WORK INSTRUCTIONS: Leaving out the pictures, print exactly the lines from the one holding "今回新たに登場した「恵方ゆき" to the last line of the entries below, both included, and nothing more.

── PROVIDED RECORDS

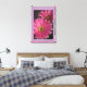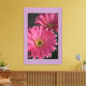 Toile Art représenté avec une photo de marguerites roses sur un arrière - plan de toile lavande.
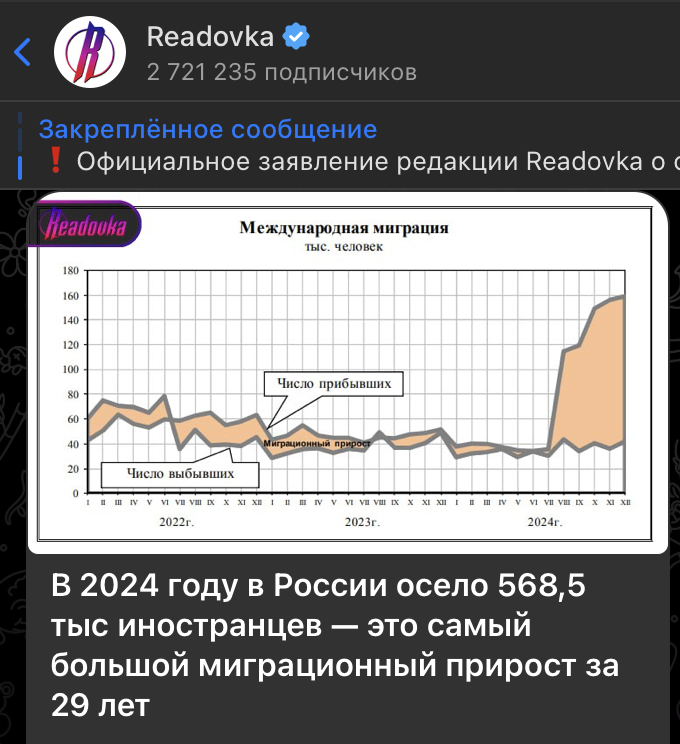 МВД подвело итоги работы с мигрантами за 2024 год, и, стоит признать, порадовали хорошие новости, но есть нюанс, о котором не упомянули в официальной сводке. Царьград не раз объяснял, почему "армия гостей" может вспыхнуть в любой момент, и пришло время вновь напомнить о главном: в прошлом году зафиксирован рекордный миграционный прирост, составивший 568,5 тысячи человек. Что всё это значит - читайте в материале.
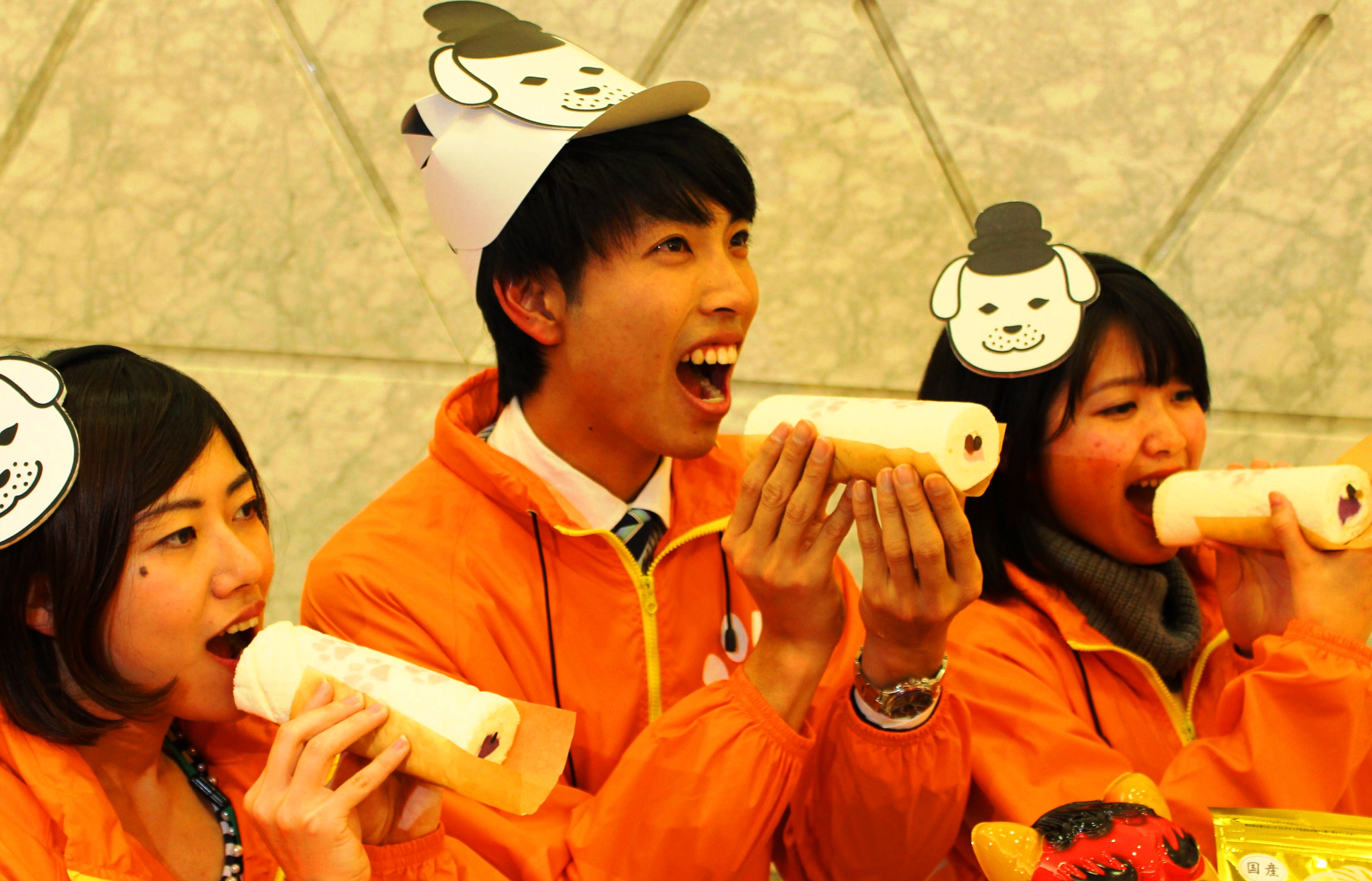 今回新たに登場した「恵方ゆきろ~る」は直径5センチ、長さ16センチで、1人で丸かぶりできる大きさ。雪丸の足跡を装飾した白いスポンジに紫芋、きなこ、チョコレート、イチゴの4色のクリームを包み、5色の甘い豆をトッピングしている。hinataの出井行人オーナー(45)は「果汁分の多いクリームと豆の相性がよく、すしの恵方巻にも負けない食べ応えがある。節分に家族そろって楽しんでほしい」と話している。
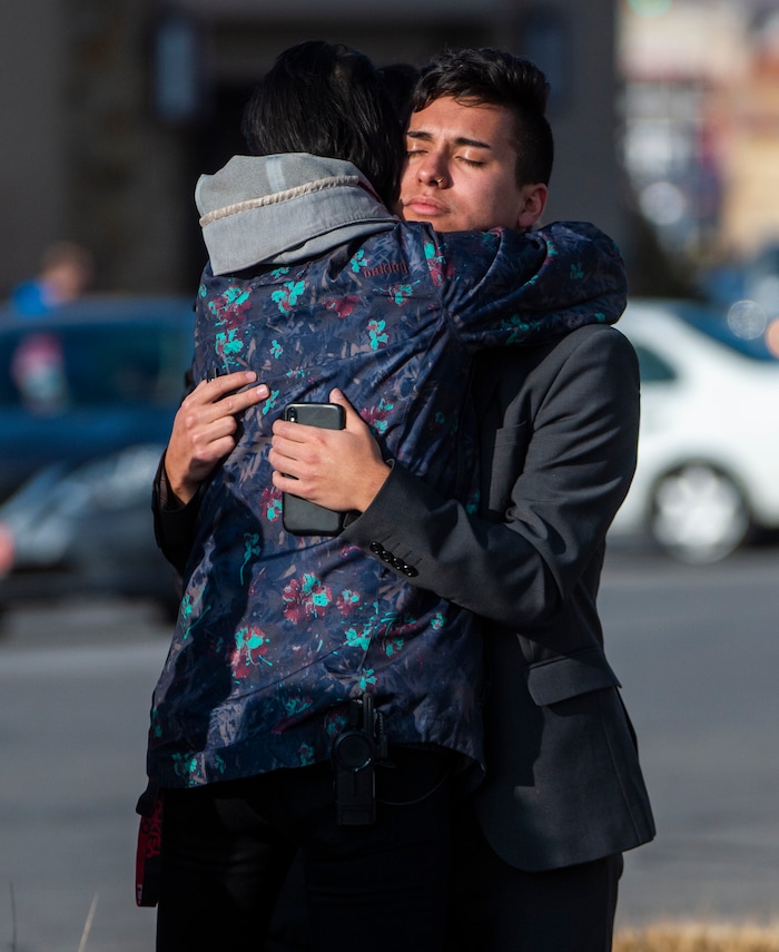 (Rick Egan | The Salt Lake Tribune) Eduardo Platero hugs another employee after the safely escaped the mall shooting, at the Fashion Place Mall, Sunday, Jan. 13, 2019.
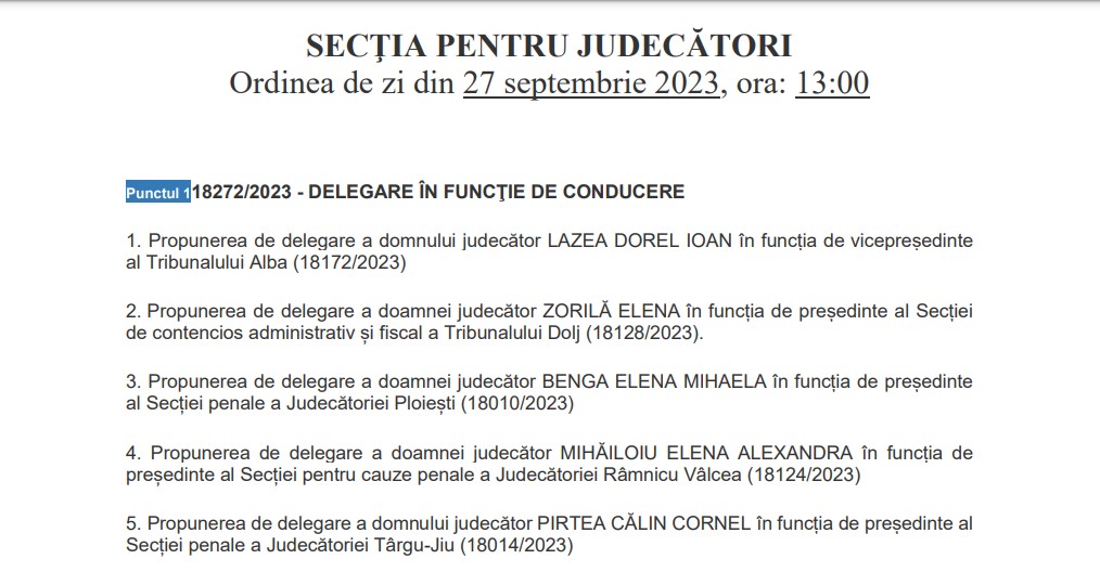 „Propunerea de delegare a domnului judecător Pirtea Călin Cornel în funcția de președinte al Secției penale a Judecătoriei Târgu Jiu”, se află pe ordinea de zi a ședinței de miercuri.

────

ANSWER FOR THE TASK:
 今回新たに登場した「恵方ゆきろ~る」は直径5センチ、長さ16センチで、1人で丸かぶりできる大きさ。雪丸の足跡を装飾した白いスポンジに紫芋、きなこ、チョコレート、イチゴの4色のクリームを包み、5色の甘い豆をトッピングしている。hinataの出井行人オーナー(45)は「果汁分の多いクリームと豆の相性がよく、すしの恵方巻にも負けない食べ応えがある。節分に家族そろって楽しんでほしい」と話している。
 (Rick Egan | The Salt Lake Tribune) Eduardo Platero hugs another employee after the safely escaped the mall shooting, at the Fashion Place Mall, Sunday, Jan. 13, 2019.
 „Propunerea de delegare a domnului judecător Pirtea Călin Cornel în funcția de președinte al Secției penale a Judecătoriei Târgu Jiu”, se află pe ordinea de zi a ședinței de miercuri.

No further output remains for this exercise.